- Exercise instructions -
For the copy, please give all of the data again exactly and leave the pictures out.
== Given data
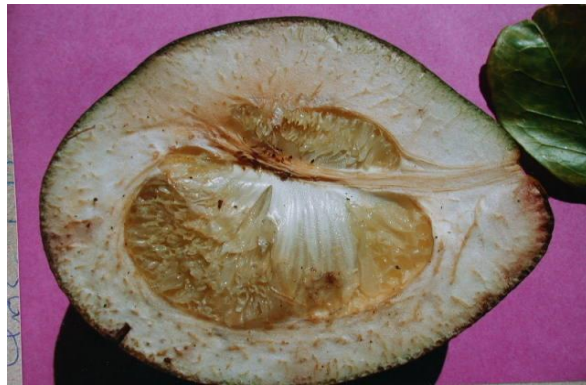
Hình 3. Quả cam trên cây bị bệnh Greening
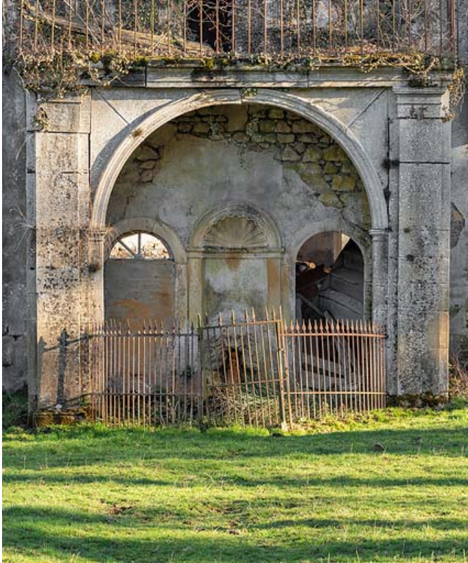
Pavillon de la source, vue rapprochée de face.

71, Saint-Christophe-en-Brionnais route départementale n°174, lieudit : Les Bains
====
- Answer below -
Hình 3. Quả cam trên cây bị bệnh Greening
Pavillon de la source, vue rapprochée de face.

71, Saint-Christophe-en-Brionnais route départementale n°174, lieudit : Les Bains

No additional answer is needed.